I needed this because I had worked too much in confined spaces, too close to sheet rock and neutral wall paint for too long. I went home cured, temporarily.

I love the watery beach with the same love that I have for the desert. They wear similar makeup. One year when we went out to hike the Palm Canyon in the Anza Borrego desert, just east of San Diego, it rained. There we were, hiking up the canyon, ogling the flaming red tips of the Ocotillo, the yellow clumps of brittle bush, the magenta explosions shooting out the tops of the beaver tails. Then it rained, and the canyon was transformed into a cathedral, the wet walls became stained glass windows, rich in reds and blacks and gleaming browns and yellows.

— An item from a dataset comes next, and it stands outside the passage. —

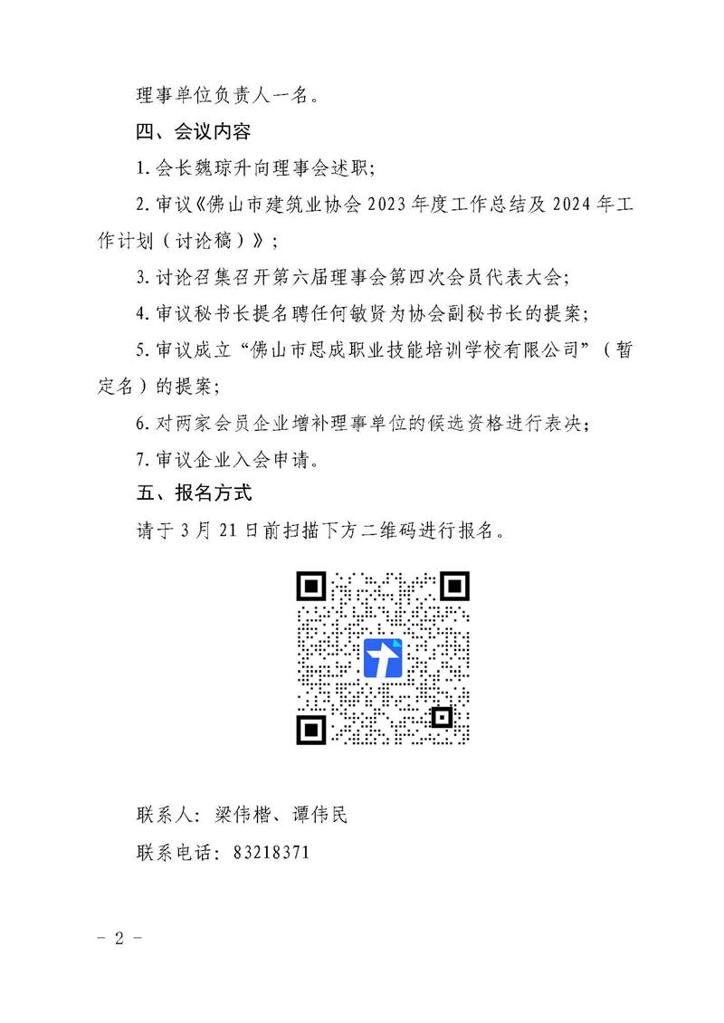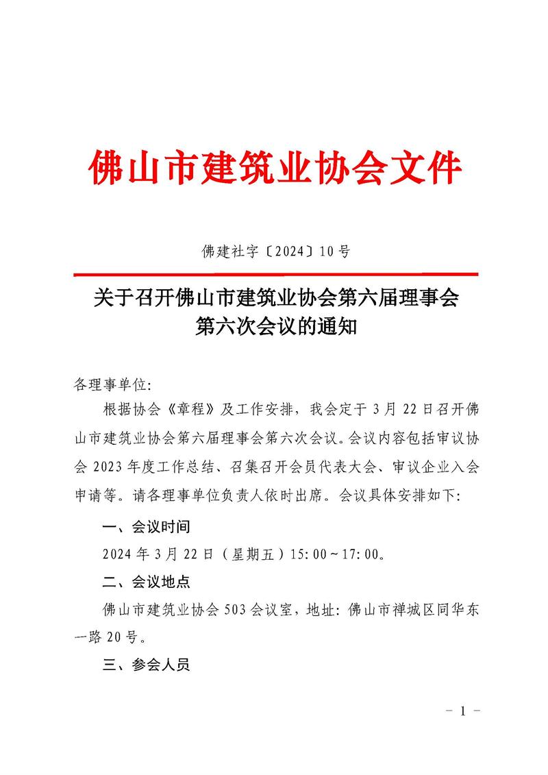 關(guān)于召開佛山市建筑業(yè)協(xié)會第六屆理事會第六次會議的通知(佛建社字〔2024〕10號)
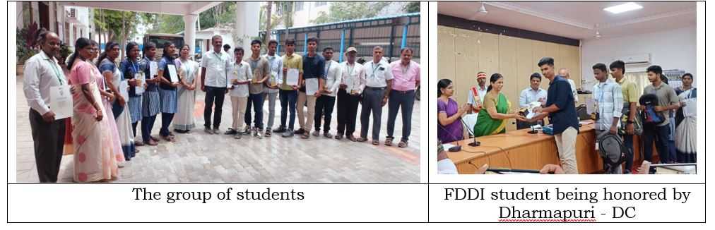 On August 5, 2024, three first-year Bachelor of Design students from FDDI, Chennai campus were honoured by the Dharmapuri - District Collector (DC), Tmt. K. Shanthi, IAS.

A few years back my wife and I toured Italy,  an art circle tour. In Assisi we visited the basilica of Saint Francis. We were struck by the frescoes in the lower church, said to be painted by Giotto in his revolutionary naturalistic style. The life of Christ was depicted in blue and red and green and brown, simple shapes, elemental colors, archetypal stories.  Linda cried. I asked her why.

“They are so beautiful,” she said.

She is on to it. Everywhere we go we should be weeping, over the beauty, everywhere, in nature, in art, in each other, in faces. Just consider the glorious beauty of faces. I recently looked into the face of a woman with cancer and then into the face of her mother who had just prayed for her, thanking God for giving her, her little girl so long ago, a very old woman praying for her aging daughter and all the beauty she was at the beginning and is now, perhaps near the end.  I looked in their faces as they looked in each other’s familiar faces and there was pure, love-drenched beauty..

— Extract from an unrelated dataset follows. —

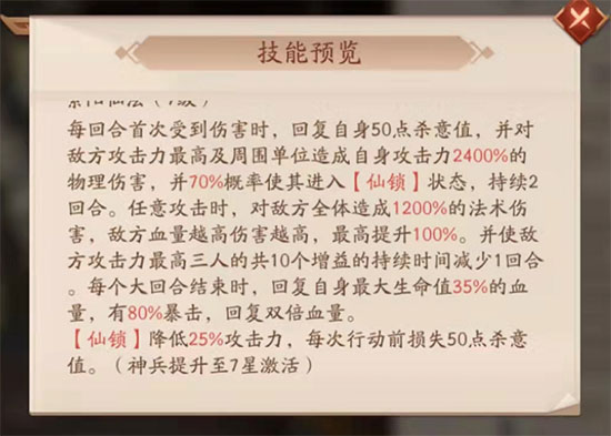 ★有玩家在赤金2出现之后,对于神兵的搭配,表示迷茫:小编龙雀刀作为一件输出类型的神兵,还可以打出压制效果,配一号位武将无可厚非,可赤金2你说是输出核心,为啥要搭配输出作用不明显的羽衣呢?小编想说,这就是对于羽衣神兵没有完全理解的原因。在赤金时代,用攻守来分类神兵已经不再实用,“全能”二字并不只体现在赤金时代的武将上,而是体现在武将,神兽,神兵,战法等一系列产物上。龙雀刀是一个具备明确输出增益的神兵不假,同时也能打出不俗的控制效果,但与其相比,羽衣是一件综合增益的神兵,攻守均衡,提升全面。所谓遇强则强,搭配实力强劲得武将,更能发挥羽衣的优势,相得益彰。如上图,羽衣的反击伤害先不提,携带者的任意攻击会有额外的法术伤害,同时对位的血量越高伤害也越高,搭配赤金2此类输出核心武将使用,事半功倍。与此同时,不管是对于增减益的调节,还是培养恐怖的回血效果,都是庇佑赤金2可以完美持续输出的前提,更不提对于自身攻防的提高,以及对于受到反击伤害的限制。综合来说,羽衣的存在,完美契合赤金2武将的出现。

A few Sundays back, I saw a little girl walk to the front of the church by herself, standing in line, only eight and yet making her own decisions to take the sacrament, making her own choices to put herself in the moment of holiness. 

She stood expectant before the woman serving her, like Vermeer’s girl at the window, caught in the light, reaching to open the glass to something beautiful.  The little communicant held the bread, her short black hair cropped straight along the bottom of her chin, her head tilted as in the painting, angled slightly down and yet opening to something outside of herself.

Then she took the cup, and held this too, perhaps too long, certainly longer than the adults before and after her, either not sure what to do or simply savoring the moment, maybe a little embarrassed, always looking down at the hem of her dress, sipping the blood of Jesus so carefully, half emptying the cup and handing it over, as if it were too special to drink it all. Vermeer would have been frozen, stunned silent and motionless by the beauty.

We need such beauty, often, close, experienced, savored. We would do well to know that more and to make the conscious aesthetic choice to really see it when it is in front of us and to go find it when it is not,  to know it, to treasure it, to soak in it, and to let it inside of us to fill us up again.

I paused under a tree recently and to notice the little bright circles on the ground. It was the sun, shining through the leaves, reproduced, the solar pinhole effect, 386 billion billion megawatts of energy, in a tiny, me-sized, accessible image! I was reminded; we are here to pause, to Sabbath, to enjoy! This is it — the pause; we need to pause; we must pause.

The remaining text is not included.